Records drawn from a dataset
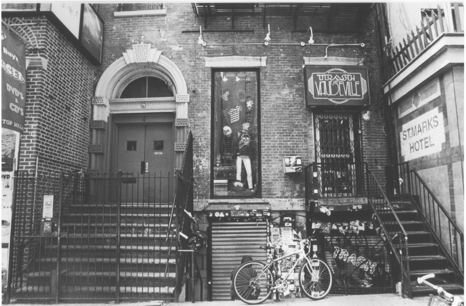
Hamilton-Holly House , base and first story
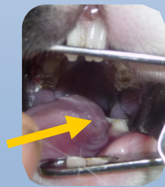
Sharp point on molar caused by uneven wear of teeth.
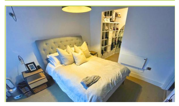
1266 sq.ft. (117.6 sq.m.) approx.
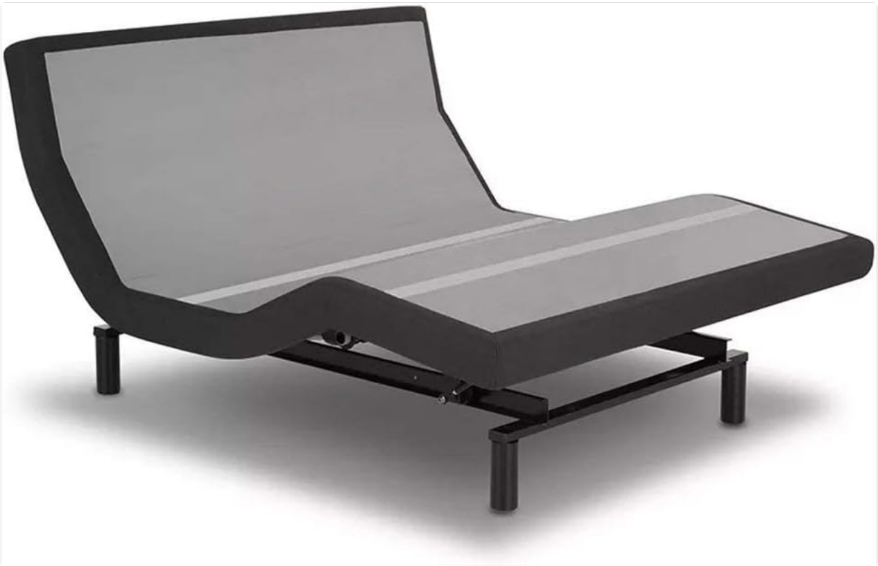
Figure 1: Leggett & Platt Prodigy PT Adjustable Bed Base. This image shows the bed base in a partially reclined position, illustrating the head and foot articulation.
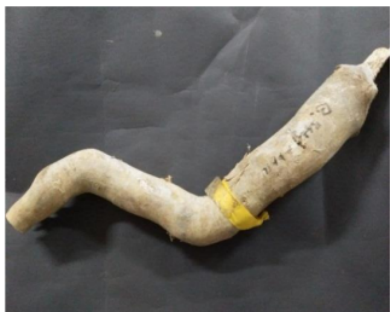
Figure 1 Photograph of pasak bumi root wood

The E. longifolia wood roots (figure 1) used in this study were from Tumbang Atie Village, Sanaman Mantikei Katingan District of Central Kalimantan Province.
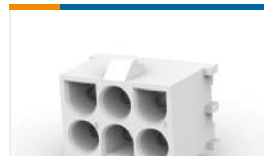
TE Part #2029451-1 06P UMNL SOK HDR ASSY W/O DRNS
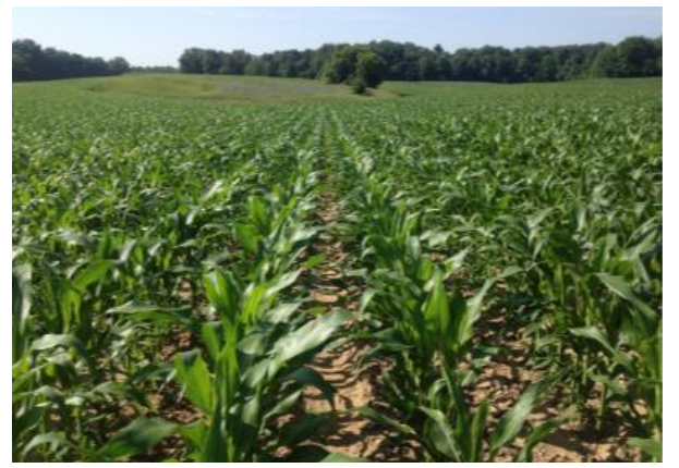
MSU Extension is also here to assist farmers, families and individuals with issues such as succession & estate planning, budgets, and cost production.

"In the weeds" discusses critical issues facing our farming industry every other week. Farmers can participate by phone, mobile device or by playing the audio. <u>https://www.canr.msu.edu/</u>
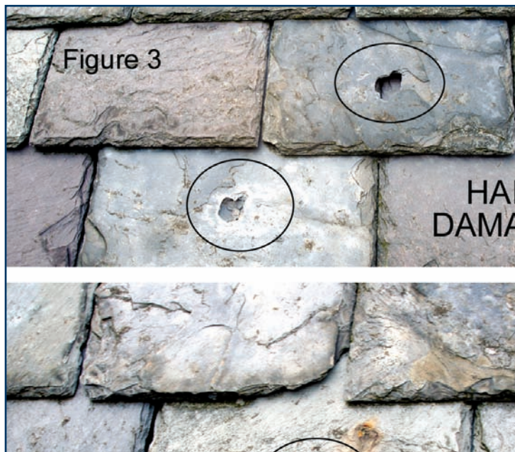
Figure 3 – Hail-perforated slates should simply be removed and replaced. Hail damage rarely justifies replacement of an entire slate roof.
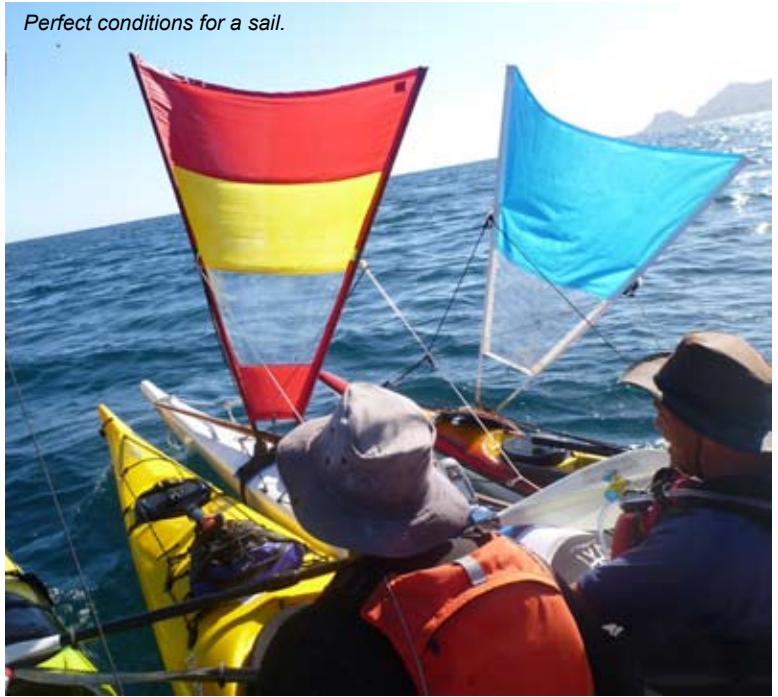
Perfect conditions for a sail.
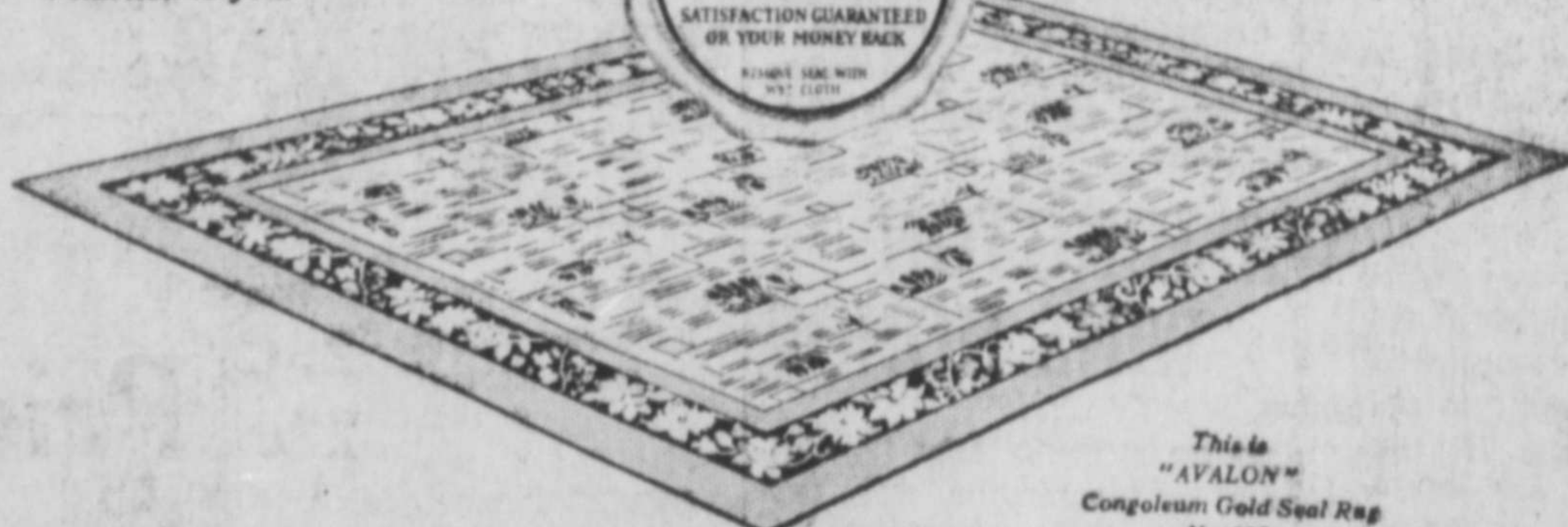
This is "AVALON" Congoleum Gold Seal Rug No. 628

■ **Work required**
How many lines above include the word "wood"? Answer with the number alone.

■ **Result for this exercise**
2